Ja, das funktioniert, nur soll jetzt noch zudem der Prozess beendbar sein. getRuntime gibt aber natürlich den cmd-Process zurück...


----------



## thE_29 (17. Feb 2006)

Das komische ist, in Linux für symbolische links erhält man bei java.io.File.getCanoncialPath() den "richtigen" Pfad!

In Windows net!


Sonst hättest das so machen können!

Maybe gibts einen lnk Parser?? Bzw wenn man weiß wie es aufgebaut ist, isses eh leicht zum Auslesen!


----------



## norman (17. Feb 2006)

Gayson hat gesagt.:
			
		

> Die Verknüpfung wollte ich benutzen, um das Programm minimiert starten zu lassen.
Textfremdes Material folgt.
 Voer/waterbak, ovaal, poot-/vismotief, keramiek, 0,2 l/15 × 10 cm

das verstehe ich nicht ganz? gibst du in der Verknüpfung Parameter mit? das kannst du dann auch mit exec() machen..


----------



## thE_29 (17. Feb 2006)

Ne, aber die Verknüpfung gibt doch Parameter mit 

Klick Rechtsklick->Eigenschaften-> Ausführen als!

Dort steht der Parameter!

Dann kannst du gleich die exe mit dem parameter starten, ohne die Verknüpfung auszuführen!


----------



## Gayson (17. Feb 2006)

Mach mal rechtsklick auf eine Verküpfung, da siehst du, dass man diese durch eine Dropdownlist zum minimiert starten bringen, also leider nichts mit Parameter . Und selbst die würde mir nicht helfen, solang ich das Programm immer noch mit cmd /c start aufrufen muss...


----------



## norman (17. Feb 2006)

thE_29 hat gesagt.:
			
		

> Ne, aber die Verknüpfung gibt doch Parameter mit
> [....]
> Dann kannst du gleich die exe mit dem parameter starten, ohne die Verknüpfung auszuführen!
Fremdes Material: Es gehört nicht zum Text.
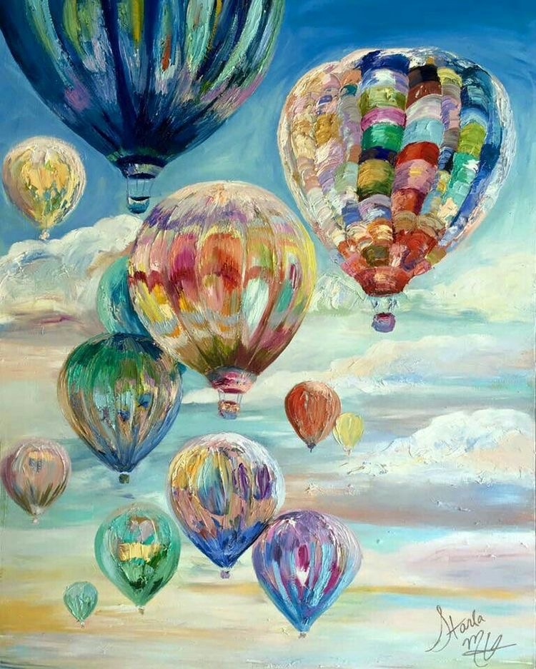 Пишем акрилом романтичные воздушные шары на холсте с подрамником 30х40 см.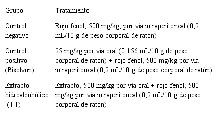 La evaluación preliminar de la actividad mucolítica del extracto hidroalcohólico (1:1) se realizó en el Bioterio clase II, siguiendo el modelo de rojo fenol en secreciones de ratón (Engler y Szelenyi, 1984) [13]. Se pesaron 100 mg del extracto seco y se disolvieron en 5 mL de una mezcla conformada por agua:etanol:tween 80 (90:5:5). Se emplearon 15 ratones entre machos y hembras, reproducidos en el Bioterio de la Unidad Académica de Ciencias Químicas y de la Salud, con un peso entre 31 g y 52 g. Los animales se mantuvieron en condiciones ambientales, de limpieza y alimentación propias para la especie. El acceso al agua y a la comida fue ad libitum. La muestra fue administrada por vía oral utilizando una cánula intragástrica. Se confeccionaron tres grupos los cuales fueron dispuestos en cajas independientes, con un total de cinco animales por cada grupo, debidamente identificados. La distribución de los animales en los grupos se realizó de manera que en cada grupo existieran diferentes pesos y sexos.

sagte ich nicht dasselbe? :shock:


----------



## Gayson (17. Feb 2006)

Finde kein "Ausführen als" in den Verknüpfungseigenschaften...


----------



## thE_29 (17. Feb 2006)

@gayson: Meinte Ziel!

@norman: Ja, nur ich habs erklärt wo man das findet


----------



## Gayson (17. Feb 2006)

Steht bei mir nicht da, nur das Verzeichnis des Ziels, keine Parameter...
Wie lautet bei dir denn der Parameter?


----------



## thE_29 (17. Feb 2006)

Zb, eine telnet Verknüpfung:

%windir%\System32\telnet.exe 192.168.199.10

Steht das bei Ziel!


Vielleicht gehts ja auch einfach wenn du die exe ausführst??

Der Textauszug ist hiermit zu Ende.